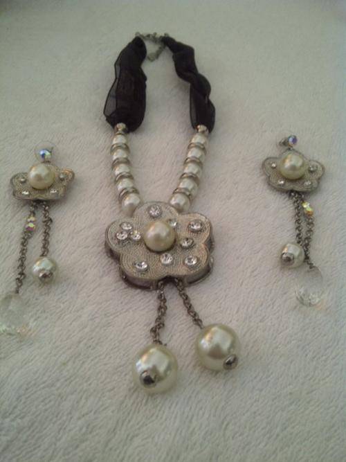 Bedazzled PEARL pendant Necklace & EARING SET. GRACIOUSLY ELEGANT!
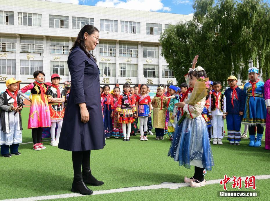 9月10日是第37個(gè)教師節(jié),西藏拉薩市第一小學(xué)舉行了以“譜團(tuán)結(jié)新篇 育桃李芬芳 感教師恩情”為主題的慶?;顒?dòng)。學(xué)生以敬禮、獻(xiàn)花、擁抱等方式,表達(dá)對老師的感恩之情。中新社記者 貢嘎來松 攝
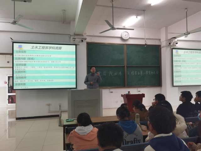 會(huì)議伊始,馬老師主要從學(xué)校辦學(xué)定位、實(shí)踐能力培養(yǎng)等多方面闡述了第二課堂的意義,并鼓勵(lì)各位同學(xué)積極參賽以提升自我專業(yè)能力。接下來,楊老師從競(jìng)賽目的、歷屆賽事、組織形式、獎(jiǎng)項(xiàng)設(shè)置等方面詳細(xì)介紹了大學(xué)生結(jié)構(gòu)設(shè)計(jì)競(jìng)賽和第六屆安徽省高校建筑信息模型(BIM)應(yīng)用競(jìng)賽;孫老師從歷屆賽事、比賽內(nèi)容、參賽對(duì)象等方面介紹了全國(guó)大學(xué)生結(jié)構(gòu)設(shè)計(jì)信息技術(shù)大賽相關(guān)事宜;姚老師主要解說了工程圖學(xué)競(jìng)賽的組織架構(gòu)、賽題等事宜;王老師從賽事流程、比賽規(guī)則等方面解說了周培源全國(guó)大學(xué)生力學(xué)競(jìng)賽。最后,馬老師重點(diǎn)介紹了測(cè)繪技能大賽相關(guān)事宜并做了簡(jiǎn)要總結(jié)。
════════════════════
Repeat the data exactly, excluding the pictures.

 Bedazzled PEARL pendant Necklace & EARING SET. GRACIOUSLY ELEGANT!
 9月10日是第37個(gè)教師節(jié),西藏拉薩市第一小學(xué)舉行了以“譜團(tuán)結(jié)新篇 育桃李芬芳 感教師恩情”為主題的慶?;顒?dòng)。學(xué)生以敬禮、獻(xiàn)花、擁抱等方式,表達(dá)對老師的感恩之情。中新社記者 貢嘎來松 攝
 會(huì)議伊始,馬老師主要從學(xué)校辦學(xué)定位、實(shí)踐能力培養(yǎng)等多方面闡述了第二課堂的意義,并鼓勵(lì)各位同學(xué)積極參賽以提升自我專業(yè)能力。接下來,楊老師從競(jìng)賽目的、歷屆賽事、組織形式、獎(jiǎng)項(xiàng)設(shè)置等方面詳細(xì)介紹了大學(xué)生結(jié)構(gòu)設(shè)計(jì)競(jìng)賽和第六屆安徽省高校建筑信息模型(BIM)應(yīng)用競(jìng)賽;孫老師從歷屆賽事、比賽內(nèi)容、參賽對(duì)象等方面介紹了全國(guó)大學(xué)生結(jié)構(gòu)設(shè)計(jì)信息技術(shù)大賽相關(guān)事宜;姚老師主要解說了工程圖學(xué)競(jìng)賽的組織架構(gòu)、賽題等事宜;王老師從賽事流程、比賽規(guī)則等方面解說了周培源全國(guó)大學(xué)生力學(xué)競(jìng)賽。最后,馬老師重點(diǎn)介紹了測(cè)繪技能大賽相關(guān)事宜并做了簡(jiǎn)要總結(jié)。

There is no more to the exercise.